Saturday, May 21, 2005

14 May 2005 Sermon

The sermon last week was about Psalms 79. I struggled with it as I do with all of Asaph's psalms. He seems overly concerned with God's power to destroy and His great holiness that does not countenance our smallness and evil. Pastor Mike told us that God is both merciful and just. He is merciful to those who love and accept Him, and just (or wrathful) to those who reject Him.

Seems tyrannical to me...

Too often we teach that God will only take so much of our sin before we suffer at His hand. It is an obvious truth to me that sin carries consequences far greater than we are willing to admit. A person who sins jeopardizes or even destroys life. That is why sin is so sinful—it is truly harmful and dangerous to the sinner and to those around the sinner. Any who indulge in sin's "forbidden actions" will suffer, not God's wrath, but the very real reactions caused by those actions. God IS portrayed as wrathful in the Bible, but Romans 1 goes to great lengths to explain that God’s wrath is letting people go. It is letting people reap what they have sown. No punishment has to be imposed for us to be destroyed by our sin.

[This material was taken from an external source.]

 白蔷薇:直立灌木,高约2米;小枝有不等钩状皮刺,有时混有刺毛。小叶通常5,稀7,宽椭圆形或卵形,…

If we "Christians" were to spend our time showing how awful sin is and how wonderful God is to try to keep us from it, He would look a whole lot more loveable. He prohibits sin for the love of us, to keep us safe. He portrays Himself as wrathful not because sin is offensive to Him, but to help us stay away from what is so unsafe and risky to us.

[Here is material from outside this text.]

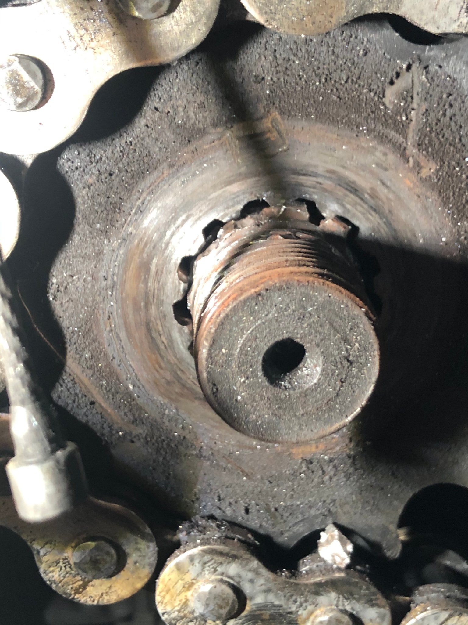 Ich hatte das Problem 2003 auch, die Mutter war lose und meine Welle sah ähnlich aus (bei mir mit Zahnriemen im Urlaub in Spanien). Damals hatte ich noch keine Kamera, die Welle liegt aber noch hier.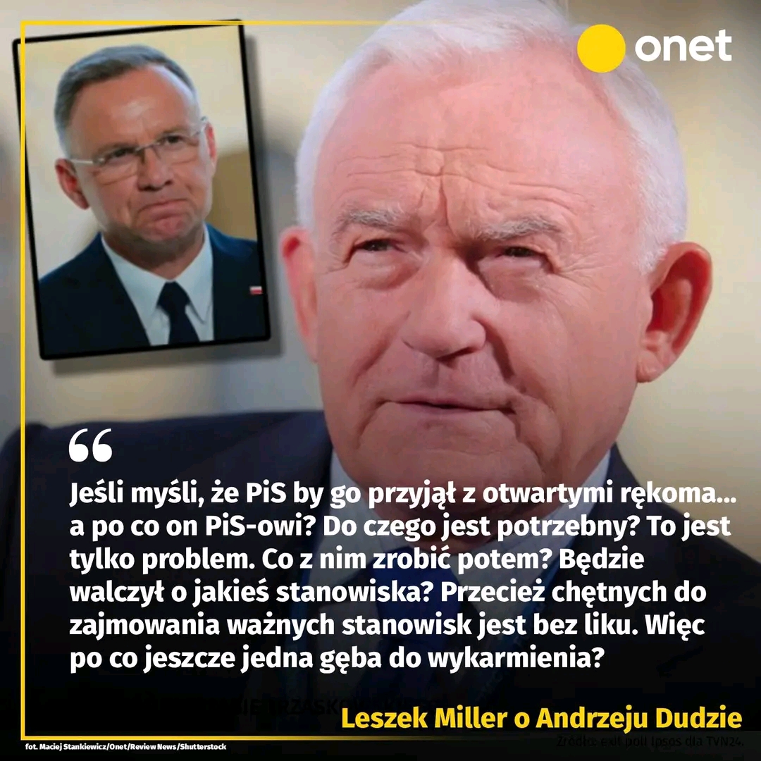 — Jeśli myśli, że PiS by go przyjął z otwartymi rękoma… a po co on PiS-owi? Do czego jest potrzebny? To jest tylko problem. Co z nim zrobić potem? Będzie walczył o jakieś stanowiska? Przecież chętnych do zajmowania ważnych stanowisk jest bez liku. Więc po co jeszcze jedna gęba do wykarmienia? — mówił Miller na antenie Radia RDC.

Last week in church we were admonished to stay pure. And we were told to love God for His mercy when we accomplish it (purity). But not a word was spoken about the true face of sin and its train of woe. We cannot but hate something that wants us destroyed. If we’re taught how injurious sin is we’ll learn to hate it in our lives. But if we believe God eventually kills us for our sin, how can we love Him? If we know our destruction is caused by our own wrongdoing and the tempter who tries to draw us into sinning, how can we fail to despise both sin and the tempter?

In the final end of this struggle, this Great Controversy between God and His adversary who accuses Him of character flaws and poor government, Christians too often picture the choice for humans as love for God or eternal destruction imposed directly by the One who created us in the first place. We don't stop to think that He does not need to destroy us. If we insist on living outside the parameters He teaches and requests us to abide by, we completely destroy ourselves, and many around us.

Let us who propose to teach about God leave Him free to love. He is not our Destroyer—we do a fine job of spoiling and ruining ourselves. Let the destruction come from its true source--sin. That is really why something's called sin; it is injurious to some part of God's creation (usually us). There is no way to sin without receiving its results. Ultimately, death! God doesn't have to do a thing to us.

When we learn to teach that God is always our Protector and never our destroyer, we’ll have a message that draws men to Him. Then we can say He loves us, and it will make sense. To believe a God of love can finally destroy in everlasting hell the very person He has done so much to try to save strains credulity. I don’t think I could ever love a God like that. To believe that God would be willing to portray Himself as wrathful and judgmental if it shelters us from taking devastating action until we grow up reveals a love that is irresistible!